## Records shown
- - -

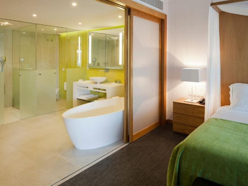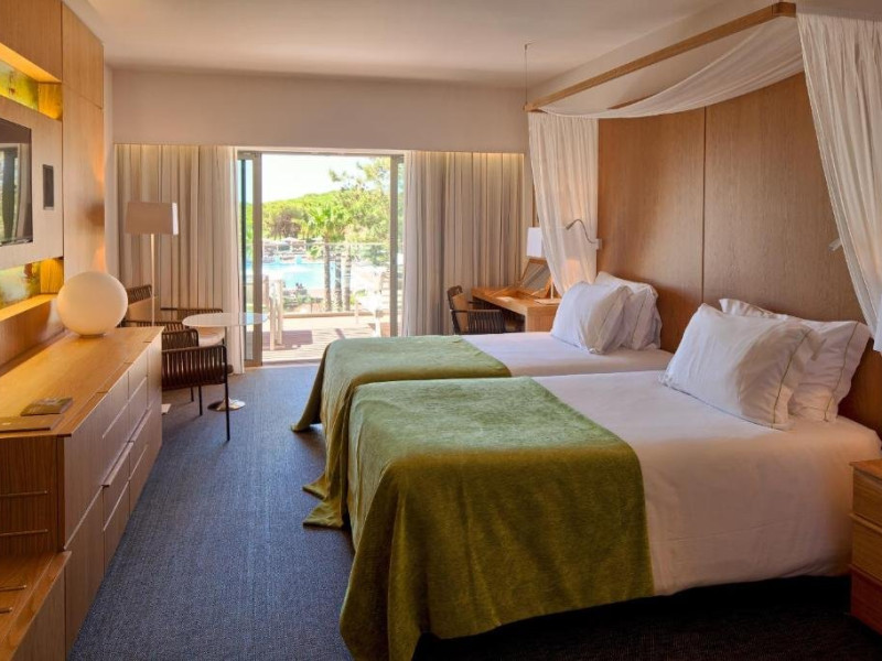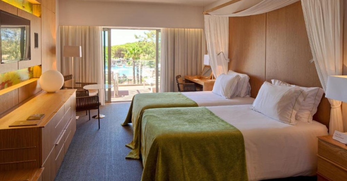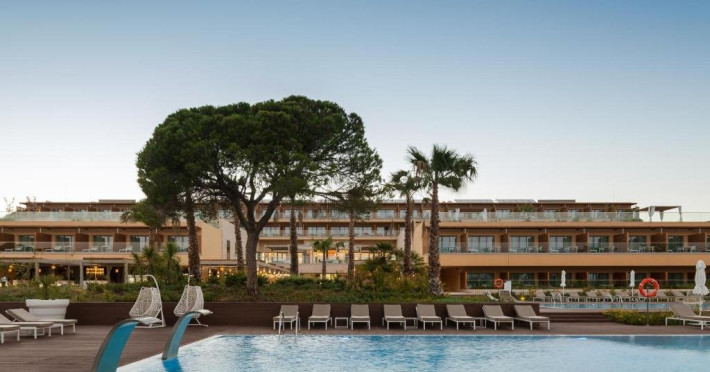 Descriere HOTEL EPIC SANA: Situat intre Vilamoura si Albufeira, pe o suprafata de 8 hectare, intr-o padure de pin amenajata (in timpul constructiei s-au taiat minim posibil din pinii existenti), hotelul EPIC SANA ofera vedere la plaja Falesia, acces direct la plaja, unitati de cazare de lux, un centru SPA mare si piscine exterioare si interioare. Este un hotel nou, modern, exclusivist, cu elemente de design unice pe intreaga coasta. Tip masa: Mic dejun/demipensiune Localizare HOTEL EPIC SANA: Resortul este situat in apropiere si cu acces direct la plaja Falesia, intre statiunile Albufeira si Vilamoura, la 30 km de aeroportul din Faro. Centrul orasului Albufeira se afla la 15 minute de mers cu masina. Plaja: Plaja Falesia este cu nisip fin iar intrarea in apa este lina. Este plaja publica. Dotari camere: Hotelul dispune de 229 camere din care 162 camere standard in cladirea principala, 24 suite tip duplex si 43 de apartamente. Camerele spatioase au un design contemporan si includ o baie amenajata cu marmura alba si dotata cu cada si dus cu efect de ploaie. Toate camerele ofera de asemenea un balcon cu vedere partiala la ocean sau vedere la complex si sunt dotate cu aer conditionat, TV satelit, minibar, uscator de par, seif si internet wireless gratuit. Facilitati HOTEL EPIC SANA: Complexul beneficiaza de 5 restaurante, 3 baruri, 7 piscine din care 6 piscine in aer liber (2 pentru copii), piscina interioara deschisa 24h, internet wireless gratuit, teren de joaca pentru copii, baby center, terenuri de sport, centru de conferinte de 1500 mp, un centru SPA extrem de mare si modern si parcare. Clasificarea agentiei: 5*
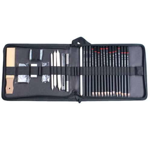 Material: madeira Tamanho: 21,5 cm × 20 cm × 3 cm Peso: 600 g Kit de desenho completo: este conjunto de desenho de 35 peças inclui uma variedade de lápis de grafite (4H a 8B), lápis de carvão, tocos de mistura, borrachas amassadas e de vinil, apontador e um estojo de armazenamento conveniente. Perfeito para todos os níveis de habilidade: seja você um artista iniciante ou experiente, este conjunto tem as ferramentas essenciais para esboçar, sombrear e mesclar, tornando-o ideal tanto para a prática quanto para o trabalho profissional. Lápis de alta qualidade: os lápis de grafite incluídos oferecem linhas suaves e consistentes para detalhes precisos e tons variados, enquanto os lápis de carvão adicionam profundidade e riqueza à sua arte. Ferramentas de mistura e sombreamento: os tocos e borrachas de mistura permitem transições suaves, sombreamento realista e detalhes finos, ajudando você a obter esboços de nível profissional. Portátil e organizado: o conjunto vem em uma maleta de transporte durável e organizada, facilitando o armazenamento e o transporte de suas ferramentas para aulas de arte, workshops ou projetos em qualquer lugar.
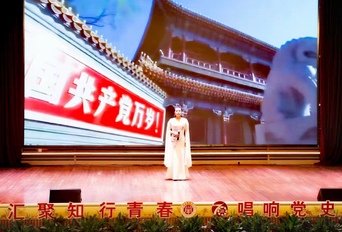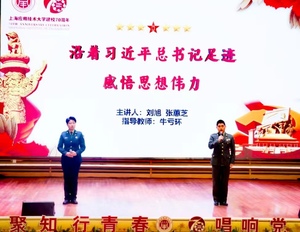 知行学社党史理论宣讲团成员刘旭、张惠芝、张宸杰带来《沿着习近平总书记足迹,感悟思想伟力》等理论宣讲,用自身经历生动讲述了新时代青年大学生的使命与担当。由丁元、周国良、刘燕、魏彪及全体演职人员带来的合唱《领航》,激励广大上应人努力拼搏,为实现中华民族伟大复兴的中国梦奉献力量。
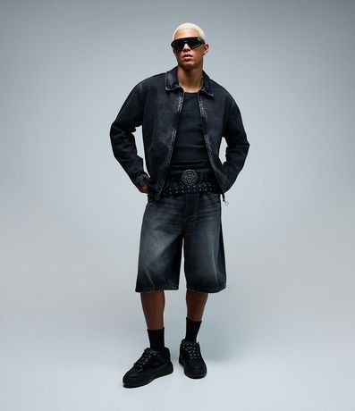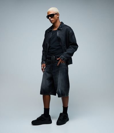 Jaqueta Boxy Denim Jeans com Estampa EVOM Veigh
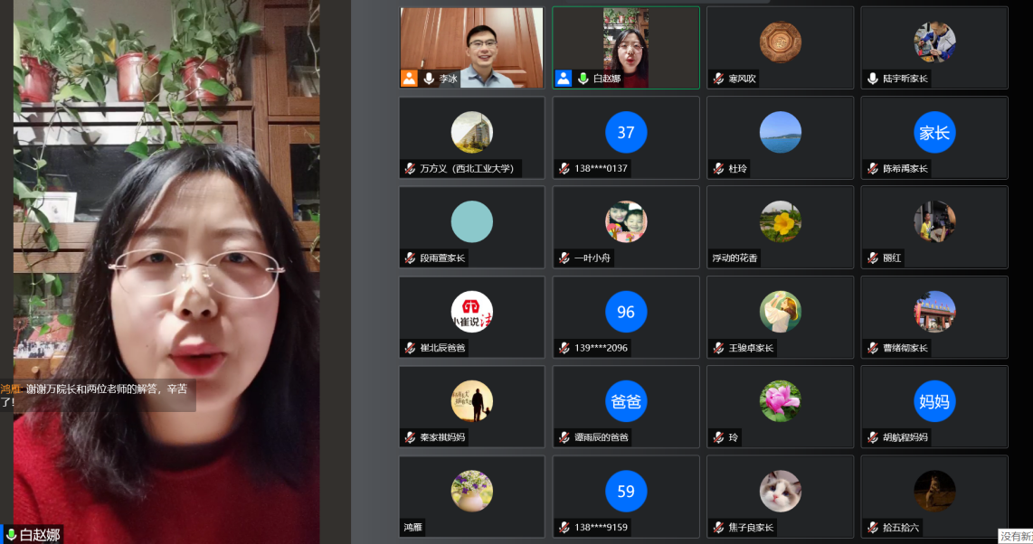 会议交流环节中,家长们非常积极主动地向三位老师询问学生学习思想生活状态,老师们轮流地耐心解答了家长的各种问题。家长们对三位老师的工作表示诚挚的敬意也愿意配合学院特殊时期对孩子给予更多的关心;肯定了此次班会的召开最大程度上打消了家长们的疑虑与担心,感谢学校及学院对学生的付出同时表达了对战胜疫情充满信心。

- - -

## Work item
The result is an exact copy of the lines from the one holding "知行学社党史理论宣讲团成员刘" through the final line of the data above, both ends included, minus the pictures.

## Task result
 知行学社党史理论宣讲团成员刘旭、张惠芝、张宸杰带来《沿着习近平总书记足迹,感悟思想伟力》等理论宣讲,用自身经历生动讲述了新时代青年大学生的使命与担当。由丁元、周国良、刘燕、魏彪及全体演职人员带来的合唱《领航》,激励广大上应人努力拼搏,为实现中华民族伟大复兴的中国梦奉献力量。
 Jaqueta Boxy Denim Jeans com Estampa EVOM Veigh
 会议交流环节中,家长们非常积极主动地向三位老师询问学生学习思想生活状态,老师们轮流地耐心解答了家长的各种问题。家长们对三位老师的工作表示诚挚的敬意也愿意配合学院特殊时期对孩子给予更多的关心;肯定了此次班会的召开最大程度上打消了家长们的疑虑与担心,感谢学校及学院对学生的付出同时表达了对战胜疫情充满信心。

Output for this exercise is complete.